We wtorek Przemysław Kita został oficjalnie piłkarzem Widzewa Łódź. Nie jest to żadne zaskoczenie, ponieważ napastnik był jedną nogą przy Piłsudskiego w zasadzie już od dwóch tygodni. Teraz możemy przeprowadzić z nim pierwszy wywiad po podpisaniu umowy.
– O pana przejściu do Widzewa mówiło się już od dłuższego czasu. Nie było po drodze żadnych trudności?
– Nie, raczej nie. Widzew był konkretnie zainteresowany moją osobą, ja ze swojej strony również byłem nastawiony na ten transfer w zasadzie od samego początku, gdy otrzymałem telefon od dyrektora sportowego Łukasza Masłowskiego. Cieszę się, że wszystko udało się dopiąć formalnie i jestem widzewiakiem.
– Urasta pan na specjalistę od awansów. To chyba ewenement, by cztery razy w ciągu pięciu sezonów dokonać tej sztuki.
– To prawda. Mam patent na awanse z II ligi do I ligi, choć zdarzyło mi się również spaść z I ligi do II ligi. Zawsze trafiałem do silnych i ambitnych zespołów, gdzie była chemia pomiędzy zawodnikami. Tak się składało w ostatnim czasie, że udawało nam się to przekuć w awans.

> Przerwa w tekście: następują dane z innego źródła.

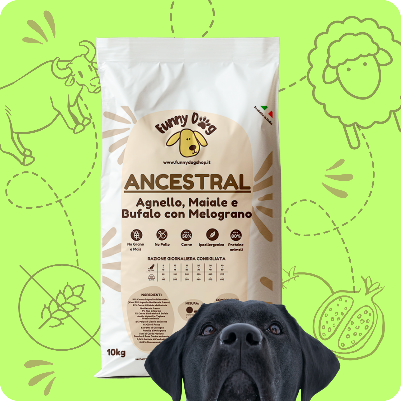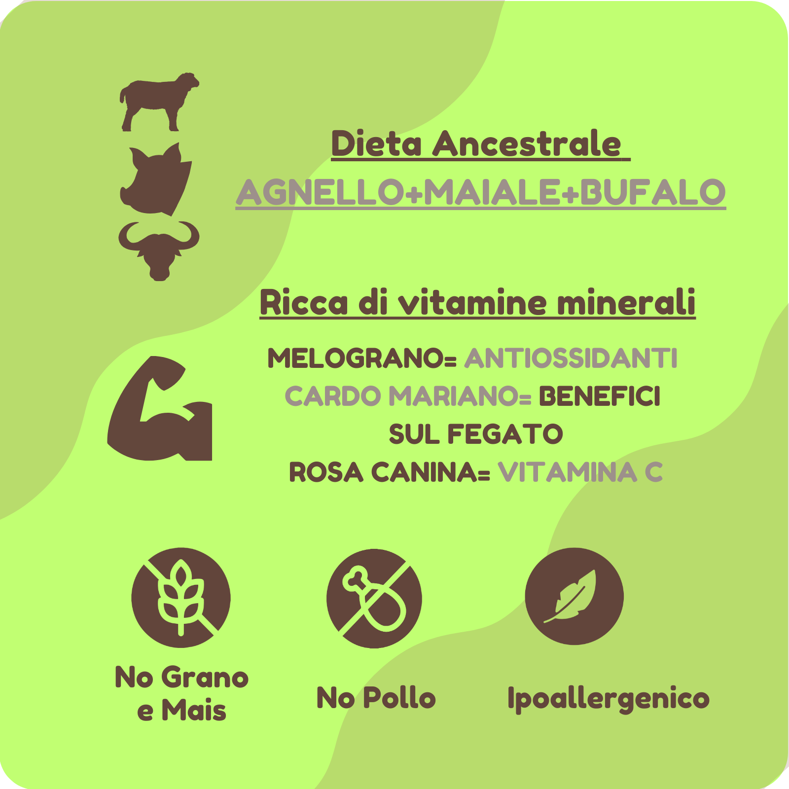 Crocchette ANCESTRAL IPOALLERGENICHE con Agnello, Maiale, Bufalo e Melograno per cani di tutte le taglie

– Żałuje pan, że nie udało się na dłużej zagościć w Ekstraklasie? Dlaczego nie wyszło w Cracovii?
– Różne czynniki się na to składały. W pewnym momencie pojawiła się kontuzja, a w międzyczasie zmienił się trener. Tak jakoś wyszło, że moje losy potoczyły się później tak, a nie inaczej. Czy żałuję? Staram się nie patrzeć na to w ten sposób. Każdego dnia cieszę się, że mogę uprawiać zawód piłkarza. Robię to, co kocham i to jest dla mnie najważniejsze.
– W Krakowie miał pan okazję oglądać rozwój talentu Bartosza Kapustki.
– Pamiętam, że Bartek zaczął trenować z pierwszym zespołem już w wieku 16-17 lat, ale debiut w Ekstraklasie zaliczył rzeczywiście już za moich czasów. Bywało tak, że wymienialiśmy się na boisku – raz grał on, a raz grałem ja. Cieszę się, że tak potoczyła się jego kariera i że miałem okazję dzielić z nim szatnię.
– Przychodzi pan do Widzewa z konkretnymi założeniami?
– Mam nadzieję, że moja przygoda z Widzewem potrwa jak najdłużej i będzie miała miejsce na coraz wyższym poziomie rozgrywkowym. Co do indywidualnych celów, to takich sobie nie stawiam. Najważniejsze jest to, żeby drużyna wygrywała. Czy to będą moje bramki czy podania, czy kogoś innego, nieistotne. Aczkolwiek uważam, że dla napastnika w tej lidze strzelenie dziesięciu bramek powinno być minimum.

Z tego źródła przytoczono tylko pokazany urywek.